A talented 13-year-old schoolboy who stands 6ft 6ins tall has become the youngest basketball player to represent England just 18 months after taking up the sport.
Freddie Ratliff only started playing basketball last year after he was talent scouted during a school rugby match.
The teenager was then chosen to represent the England U-15 team after impressing coaches with his athleticism and ball skills.
Freddie now practices every day and hopes his hard work will pay off by allowing him to land a place in the national adult squad.
The schoolboy also hopes to follow in the footsteps of LA Lakers basketball star Theo Ratliff, who shares his surname, and pursue a professional career in America.
Freddie, who only turned 13 on Friday, said: ”I am training loads – for England it is seven hours a day – and I have to keep fit even when the season has finished.
”But despite the hard work I am really enjoying it and I was so proud to play for England. Playing for England is a whole new thing because everybody is amazing.
”I was quite scared at the first England training session and the players were ridiculously good but everyone was really welcoming.
”I was definitely ready for the England match. It was brilliant. My height does help my game but to be good at basketball you need a lot of skill.
”One day I would love to play in the Olympics and I am also considering trying out for a scholarship to an American university.”
Freddie, who lives in Harkstead, Suffolk, and attends Holbrook High School, stands 6ft 6ins tall and has an inside leg of 34ins and size 11 feet.
He was talent scouted during a school rugby match in January last year by Nick Drane, from Ipswich Basketball Academy.
Nick persuaded Freddie to attend basketball classes and after several months he was recommended for the Eastern region team.
He was then picked up by England scouts and catapulted into the England U-15 squad in March this year aged 12.
Because the under-15s are the youngest national basketball squad Freddie has now officially become the youngest player to have represented his country.
He made his debut for the England U-15s on July 3 during a victory against the Wales U-16 basketball team.
Freddie spends at least one hour every day practicing his skills as well as training with his county team mates twice a week.
He inherited his height from his proud parents Louise, 47, and architect Jonathan, 56, who are both 6ft 2ins tall, while his younger brother Charlie, 11, is 5ft 8ins.
Louise said: ”At first the England team said they wouldn’t take Freddie because he was too young but when they saw him again they wanted him for the team.
”It was like a dream come true watching Freddie playing for England. Everyone in the crowd was impressed when they realised he was so young.
”I am immensely proud of him. A scholarship to an American university could happen if things keep going the way they are.”
Freddie hopes to be as successful as LA Lakers basketball star Theo Ratliff, 38, who stands at 6ft 10ins and has 16 years NBA experience.
Coach Nick Drane said: ”Height is useful for Freddie but his best quality is his good work ethic.
”He is a very skilled player and unlike many kids who are tall Freddie is also very athletic.”

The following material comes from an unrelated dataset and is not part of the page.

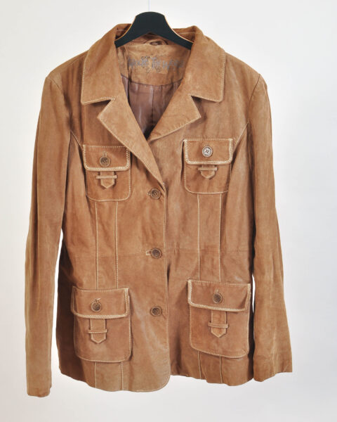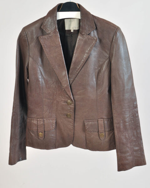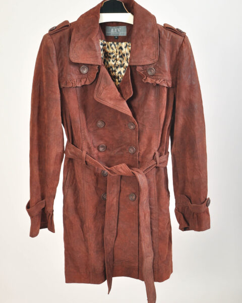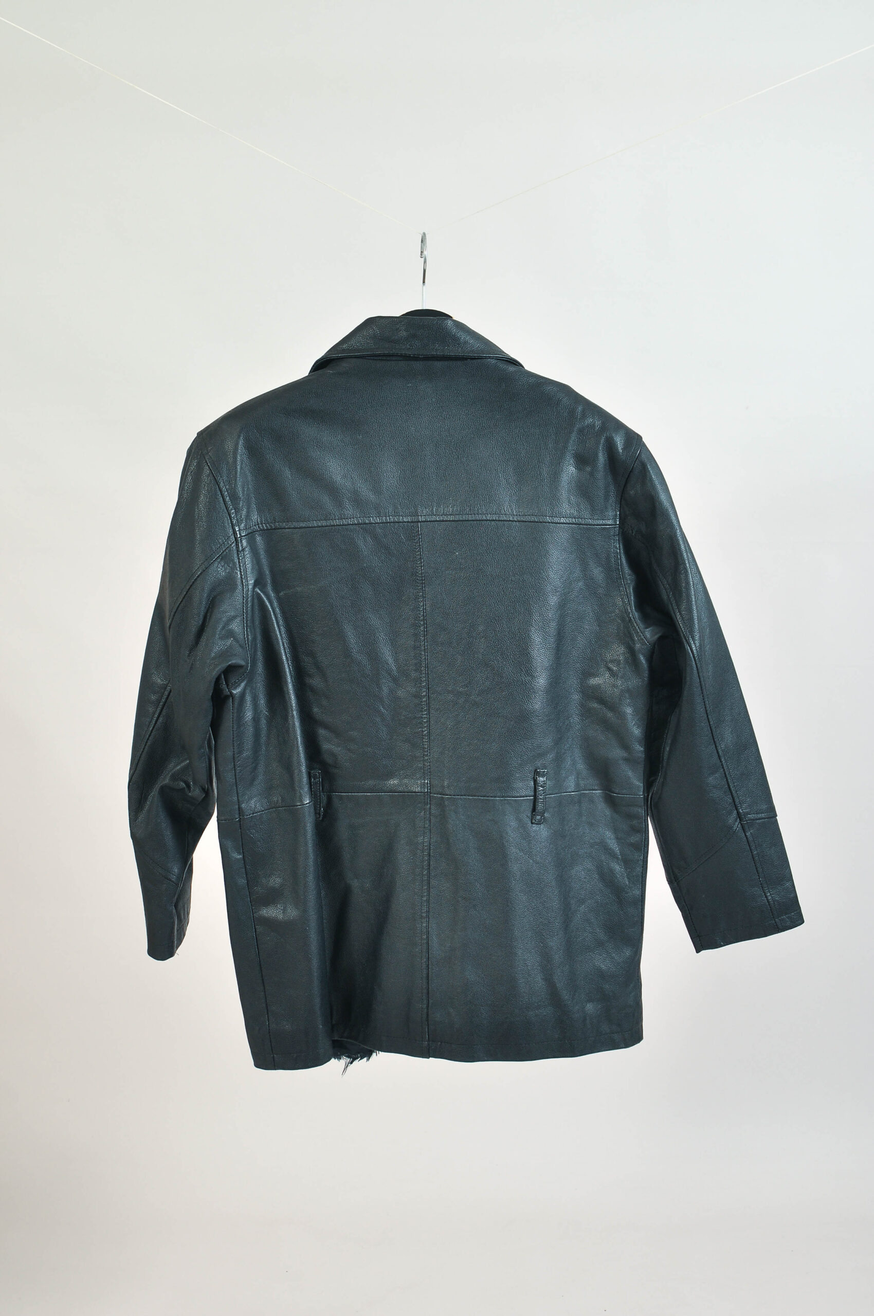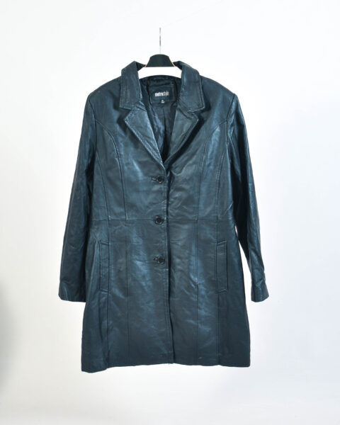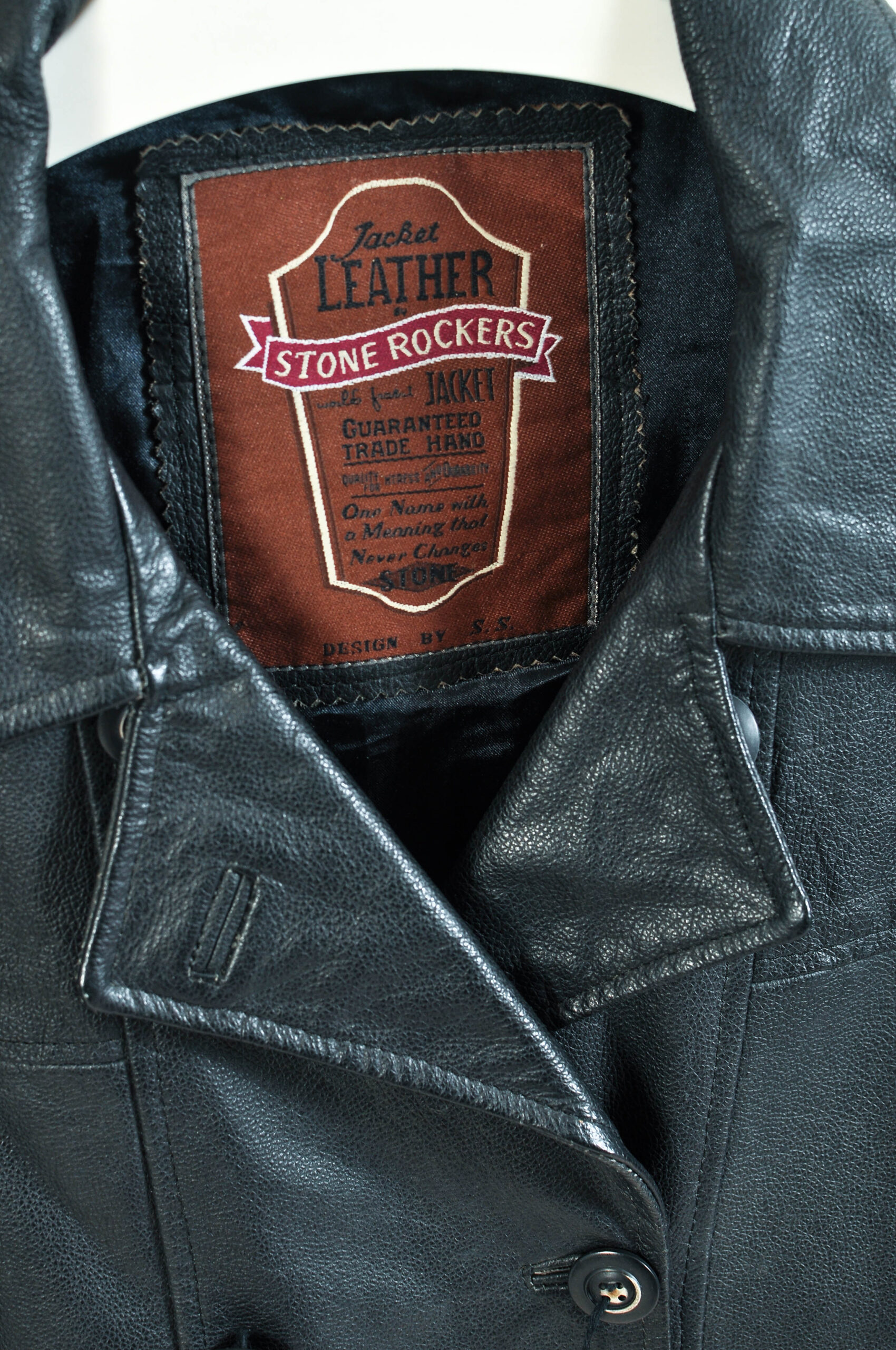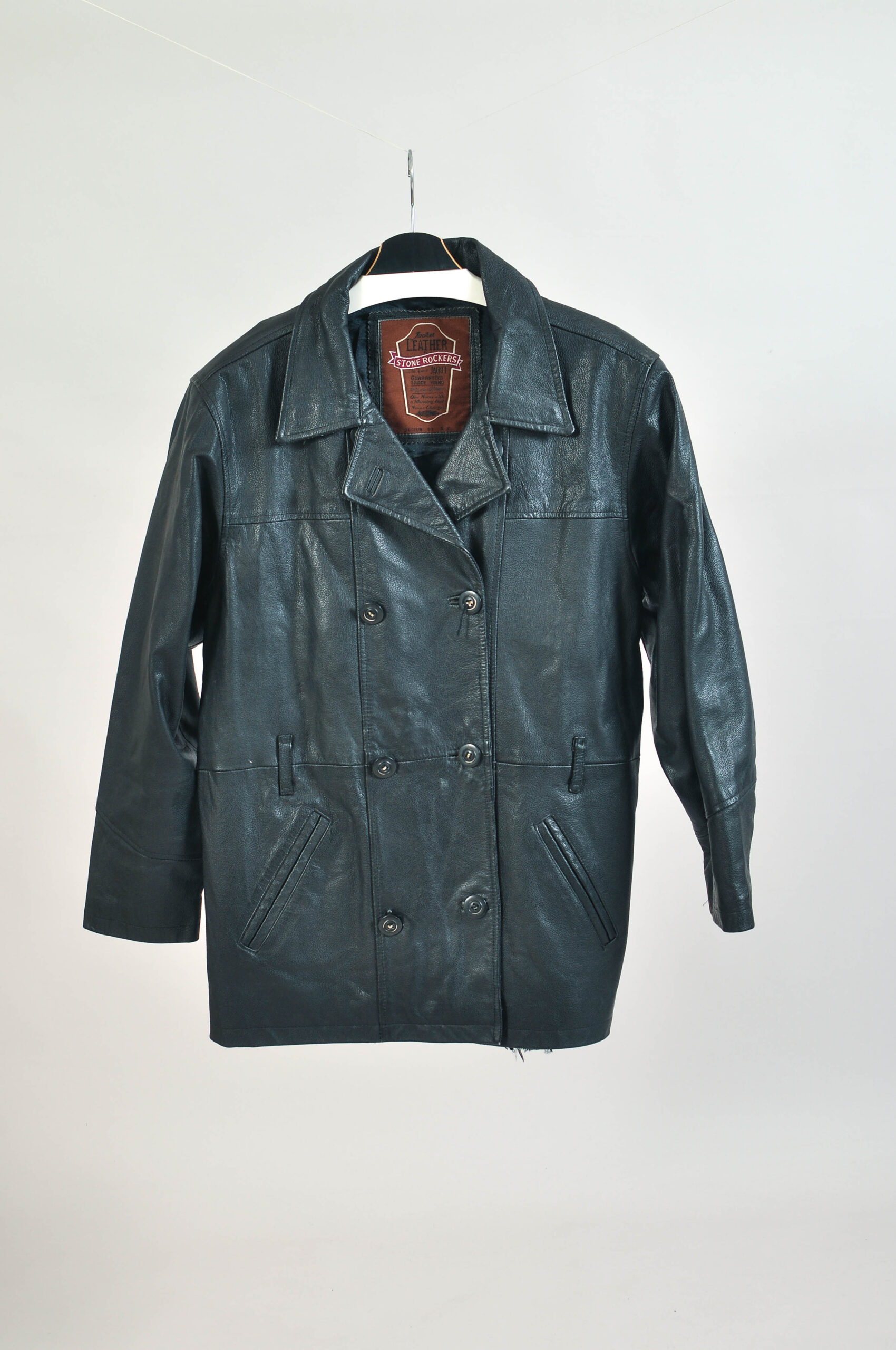 Classic vintage 90s double breasted leather coat by Stone Rockers featuring a bold structured silhouette typical of 1990s leather outerwear. The double-breasted design and genuine leather construction give this coat a timeless and durable vintage appeal.

England basketball coach Andreas Kapoulas today told how he has been ”impressed” by Freddie and believes that he has a ”bright future” within the game.
He said: ”We were very impressed watching Freddie at the regional tournaments and decided to invite him to train with the U-15 team, despite him being born in 1998.
”He is raw, but he is also young and the potential for a bright future is definitely there.
”The amazing thing is that Freddie is now only 13 and he still has a few years left to grow.
”But there is far more to game than just his height because he is very talented.”